Monday, January 23, 2012

Recommendations



In light of the result of this study and the above listed conclusions, the following actions are recommended to slow down VRE phenomenon in particular as well as antimicrobial resistance in general:

1. Strategies to promptly identify colonized patients should be designed and implemented in hospitals. Prompt identification is based on targeted surveillance, considering risk factors for VRE colonization in selected patients, mainly hospitalized ICU patients.

  • Regular monitoring for the presence of VRE in both hospitals and the community
  • When VRE are detected concerned staff should be promptly notified
  • Clinical staff of policies regarding VRE-infected or colonized patients should be informed.

2. Isolation precautions to prevent patient-to-patient transmission should be initiated.
  • VRE-infected or colonized patients should be placed in private rooms or in the same room as other patients who have VRE.

  • Healthcare workers should wear gloves and gown when entering the room of a VRE-infected or colonized patient.

  • Gloves and gown should be removed before leaving the patient's room and immediately wash hands with an antiseptic soap or a waterless antiseptic agent.

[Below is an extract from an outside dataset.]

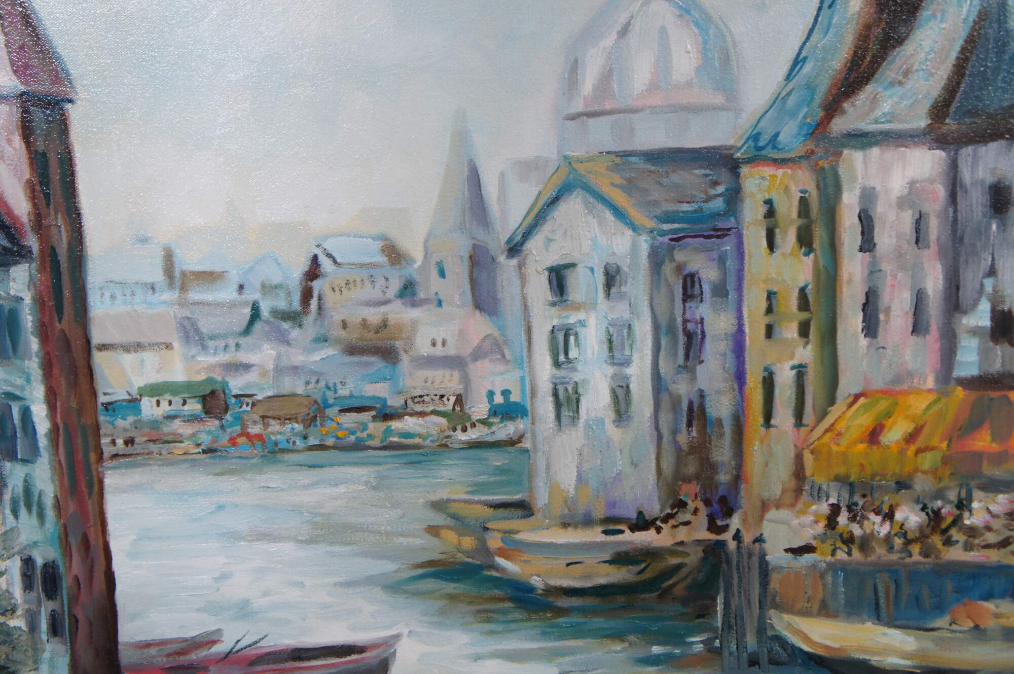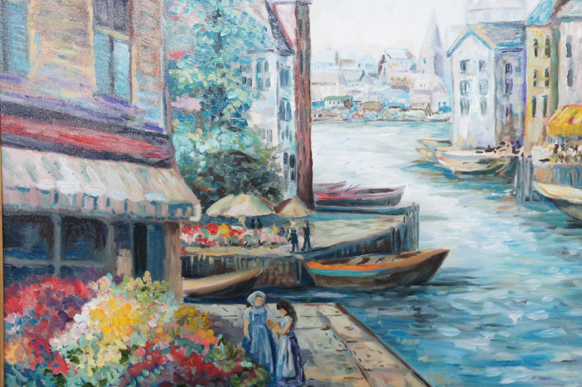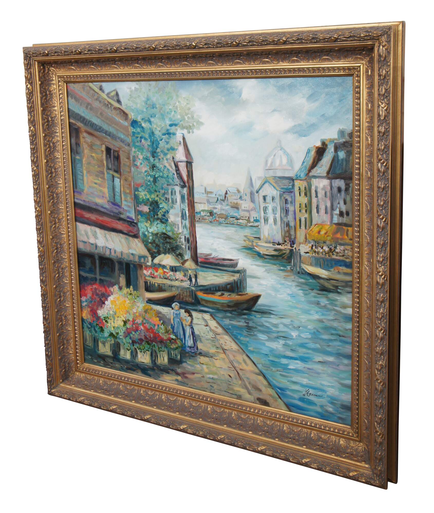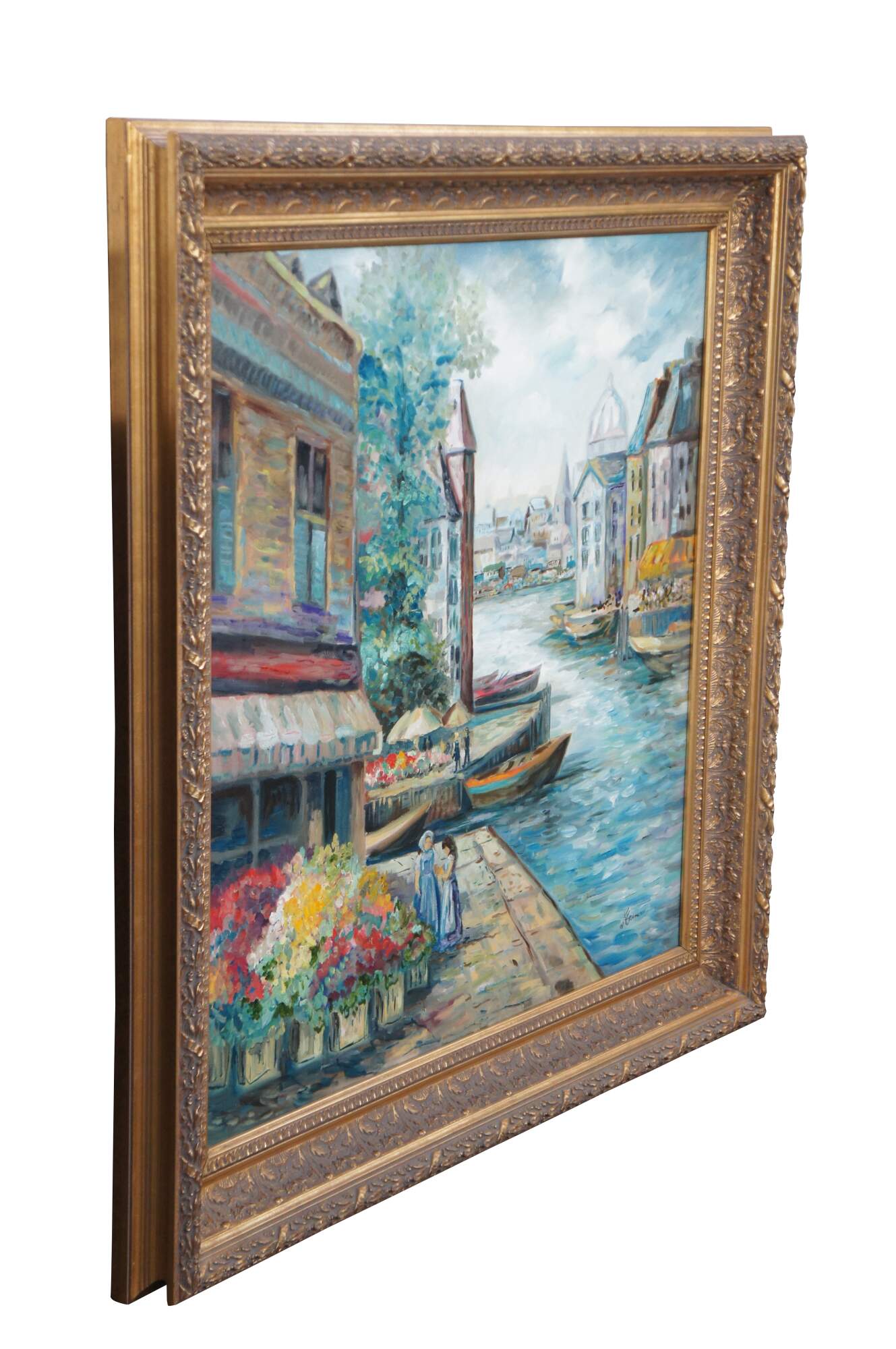 A large signed oil painting depicting a canal scene or view of Venice. Features buildings, boats, and figures on the waterway. The painting is vibrantly colored with beautiful detail. The canvas is signed along the lower edge and framed in a Neoclassical manner. A certificate of authenticity is mounted to the backside of the canvas.

  • After glove and gown removal and handwashing, clothing and hands should not contact environmental surfaces in the patient's room that are potentially contaminated with VRE.

3. Education and awareness of antibiotic prescribers is important in VRE control. The use of antibiotics, in particular, glycopeptides, should probably be dramatically restricted in order to avoid the selection of VRE, which are already part of the human microflora.

4. Effective strategies for the prevention of antimicrobial resistance in ICUs should be focused on limiting the unnecessary use of antibiotics and increasing compliance with infection control practices.

  • A stool culture or rectal swab from roommates of patients newly found to be infected or colonized with VRE should be obtained to determine their colonization status and isolation precautions as necessary should be applied.

·         A system for highlighting the records of infected or colonized patients so they can be promptly identified and placed on isolation precautions upon readmission to the hospital should be established.

·         Clinical microbiology laboratories should be aware of the emergence of resistance and should test appropriate isolates for susceptibility to vancomycin.

·         Further studies to examine the routes of transmission of VRE and the ecologic role e.g., transmission of VRE to other patients, of antibiotics are needed.

·           Further studies are required to clarify the epidemiology of VRE, and they could be usefully complemented by an investigation of the rate of VRE fecal colonization among local animals, one possible source of contamination in the food chain.

·         Further careful epidemiologic studies are needed to determine the impact of restriction of antimicrobial use in limiting the spread of VRE, especially in hospitals where VRE is endemic.

·         People in Gaza city had inadequate or misconception about antibiotic usage. The findings of this study imply the need for programs to promote greater attention about antibiotics usage in the general population of Gaza.

Professional bodies should consider continuous training of practicing physicians to dispel the inappropriate information and initiate necessary steps to deliver the latest advances of the knowledge to every practicing physician through academic activities in order to check over this emerging problem of antibiotic resistance.